29 Nov 2017

David McNally: socialism for a new age

From Nights, 8:12 pm on 29 November 2017

"The political centre is fraying and new openings are happening on both sides – some dangerous and some inspiring." - David McNally.

Democratic presidential candidate Senator Bernie Sanders

Democratic presidential candidate Senator Bernie Sanders Photo: AFP

While the rise of fiscal austerity, Brexit and Trump's election mark a distinct rightward shift in world politics, young American activists are planning the launch of a new left party that could change the whole equation, says Canadian professor and author David McNally.

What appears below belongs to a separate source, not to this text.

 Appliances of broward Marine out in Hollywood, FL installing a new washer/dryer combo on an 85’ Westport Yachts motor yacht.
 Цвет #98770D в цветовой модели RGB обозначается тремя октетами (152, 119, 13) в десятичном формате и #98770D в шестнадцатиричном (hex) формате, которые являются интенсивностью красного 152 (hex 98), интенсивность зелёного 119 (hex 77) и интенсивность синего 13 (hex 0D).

While much economic and social discontent is causing a shift to the right, radical left movements in Britain, France and the United States are gaining strength, McNally says.

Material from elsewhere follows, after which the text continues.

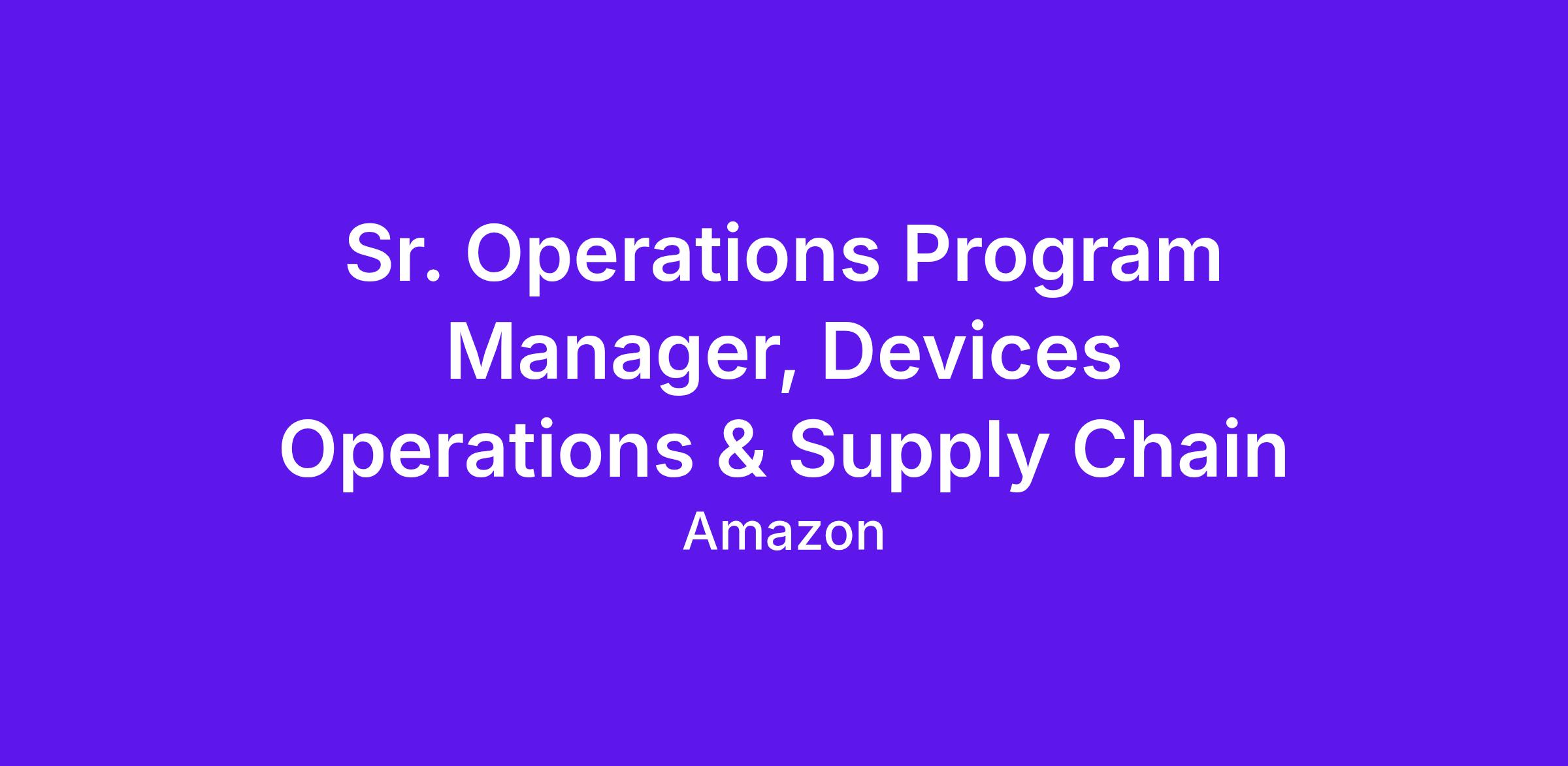 The Sr. Operations Program Manager (Sr. OPM) will work within the Device Operations group to develop the next generation of Amazon devices. The Sr. OPM will engage and work cross functionally across Engineering, Product Management, and Operations functions. The Sr. OPM will balance a mix of strategic, programmatic, and operational responsibilities to optimize new product cost, quality, and time to market. The individual is expected to work cross functionally to build consensus among the cross functional team and leadership. The individual will have experience in New Product Introduction in an Operations/Manufacturing role pertaining to Consumer Electronics (or similar) and have proven communications skills and ability to influence.

The term 'socialism' was injected back into mass political discourse in the US by 2015 Democratic presidential candidate Bernie Sanders, who is still the most popular political figure in the US according to polls, McNally says.

The backbone of Sanders' campaign was young people, and now a third of 18-to-29-year-old Americans identify as socialists, he says.

David McNally

David McNally Photo: YouTube

For McNally new socialist models are about democracy - especially economic democracy.

Socialist government would mean the end of wealth-producing resources being privately owned, he says.

"The highway networks, the rail networks, the mines, the fisheries and so on [would all] come under social ownership.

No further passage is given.